Most women who develop PID have abdominal pain, pelvic tenderness, and some symptoms of a lower genital tract infection such as cervicitis. To help confirm the presence of infection, your doctor will probably do a couple of blood tests. There may also be a test for human chorionic gonadotropin, a hormone that rises during pregnancy and can signal that the pain is due not to PID but to an ectopic pregnancy. You will also probably be checked for gonorrhea and chlamydia. Samples swabbed from your cervix, or birth canal, will be taken with a cotton swab and sent to a lab for examination.

If your doctor suspects the infection may be due to an adnexal abscess—a pus-filled pocket of fluid and bacteria around the ovary or fallopian tube—you may have to undergo an ultrasound examination, in which sound waves beamed into the body are used to build an image of internal organs on a computer screen.
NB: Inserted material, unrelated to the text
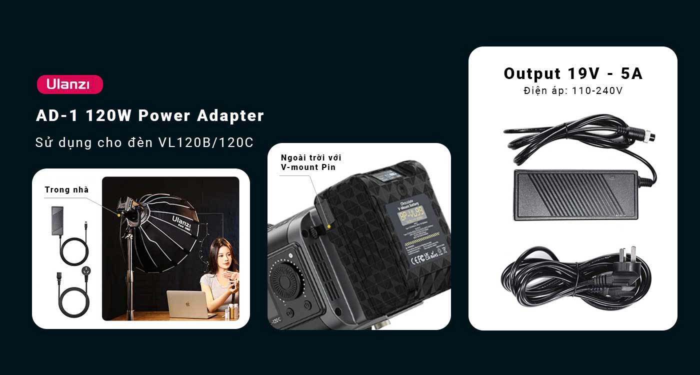 - Ulanzi AD-1 là Nguồn DC Adapter cho hệ đèn V-Mount Light Ulanzi VL120B/VL120C khi bạn sử dụng In-House

The only completely conclusive way to diagnose PID is a surgical procedure called laparoscopy in which a special kind of viewing instrument called a laparoscope is inserted through a small incision below the navel. This type of surgery usually involves general anesthesia that puts you to sleep, but it can often be performed on an out-patient basis and does not usually require overnight hospitalization. By examining the affected organs with the laparoscope, your doctor can make a definite diagnosis. You'll usually be given antibiotics to protect you from further infection by the operation itself. The procedure generally takes less than 45 minutes and most patients can return home after resting from 2 to 6 hours.

Although laparoscopy is necessary for a definitive diagnosis of dangerous conditions such as adnexal abscess or ectopic pregnancy, most cases of PID do not call for it; and most doctors will start treatment for PID immediately if they even suspect the problem. If you have gonorrhea or chlamydia, delaying even a few days can greatly increase your chances of complications such as ectopic pregnancy or infertility. The risk of taking some unnecessary antibiotics is far less than the risk of letting PID go unchecked.